In our example, the COO of an e-commerce company wants to know if there is an issue with articles that are not sold for a longer period, i.e., articles with no sale during the last three months, the so-called shelf warmers.

In collaboration with the data consumer, we define a data contract as YAML, using the Data Contract Specification:

dataContractSpecification: 0.9.3
id: urn:datacontract:fulfillment:stock-last-sales
info:
  title: Last Sales
  version: 1.0.0
  description: |
    The data model contains all articles that are in stock.
    For every article the last sale timestamp is defined.
  owner: Fulfillment
  contact:
    name: John Doe (Data Product Owner)
    url: https://teams.microsoft.com/l/channel/19%3Ad7X0bzOrUrZ-QAGu0nTxlWACe5HOQ-8Joql71A_00000%40thread.tacv2/General?groupId=4d213734-d5a1-4130-8024-00000000&tenantId=b000e7de-5c4d-41a2-9e67-00000000
servers:
  development:
    type: databricks
    host: dbc-abcdefgh-1234.cloud.databricks.com
    catalog: acme
    schema: stock-last-sales
terms:
  usage: >
    Data can be used for reports, analytics and machine learning use cases.
    Order may be linked and joined by other tables
  limitations: >
    Not suitable for real-time use cases.
  billing: free
  noticePeriod: P3M
models:
  articles:
    description: One record per article that is currently in stock
    type: table
    fields:
      sku:
        description: The article number (stock keeping unit)
        type: string
        primary: true
        pattern: ^[A-Za-z0-9]{8,14}$
        minLength: 8
        maxLength: 14
        example: "96385074"
      quantity:
        description: The total amount of articles that are currently in stock in all warehouses.
        type: long
        minimum: 1
        required: true
      last_sale_timestamp:
        description: The business timestamp in UTC when there was the last sale for this article.
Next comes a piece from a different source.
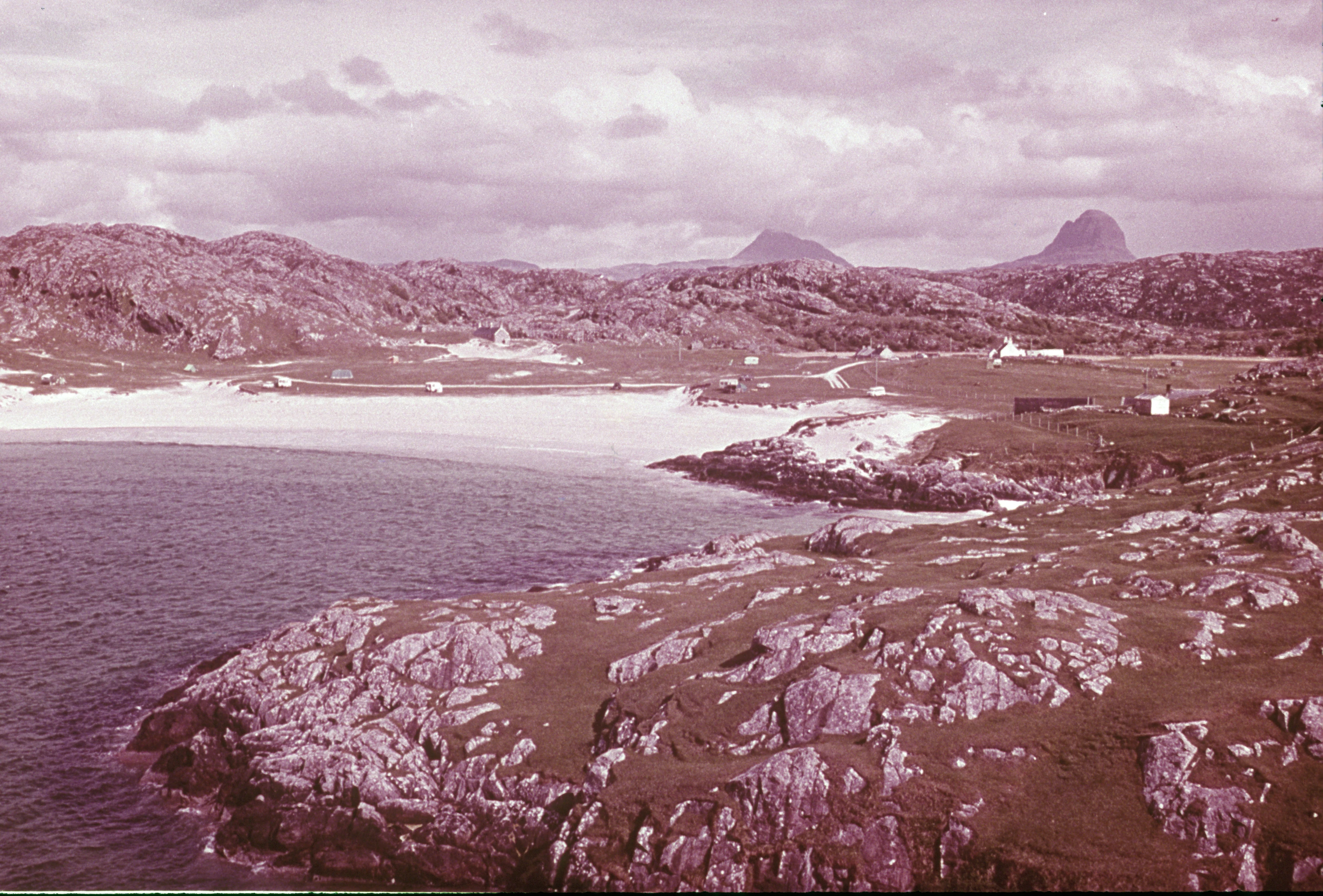 A purchased slide of Achmelvich beach with the hostel in the distance

Null means that the article was never sold.
        type: timestamp
      processing_timestamp:
        description: The technical timestamp in UTC when this row was updated
        type: timestamp
        required: true
servicelevels:
  availability:
    percentage: 99.9%
  retention:
    period: 1 year
  freshness:
    threshold: 25 hours
    timestampField: articles.processing_timestamp
  frequency:
    description: Data is updated once a day
    type: batch
    cron: 0 0 * * *
examples:
  - type: csv
    data: |
      sku,quantity,last_sale_timestamp,processing_timestamp
      1234567890123,5,2024-02-25T16:16:30.171798,2024-03-25T16:16:30.171807
      2345678901234,10,,2024-03-25T15:16:30.171811
      3456789012345,15,2024-03-02T12:16:30.171814,2024-03-25T14:16:30.171816
      4567890123456,20,,2024-03-25T13:16:30.171817
      5678901234567,25,2024-03-08T08:16:30.171819,2024-03-25T12:16:30.171821
      6789012345678,30,,2024-03-25T11:16:30.171823
      7890123456789,35,2024-03-14T04:16:30.171824,2024-03-25T10:16:30.171826
      8901234567890,40,,2024-03-25T09:16:30.171830
      9012345678901,45,2024-03-20T00:16:30.171833,2024-03-25T08:16:30.171835
      0123456789012,50,,2024-03-25T07:16:30.171837
quality:
  type: SodaCL
  specification:
    checks for articles:
      - row_count > 1000

datacontract.yaml

The dataset will contain all articles that currently are in stock and it includes the last_sale_timestamp, the attribute that is most relevant for the COO. The COO can easily filter in their BI tool (such as PowerBI, redash, ...) for articles with last_sale_timestamp older than three months. Terms and service Level attributes make it clear that the dataset is update daily at midnight.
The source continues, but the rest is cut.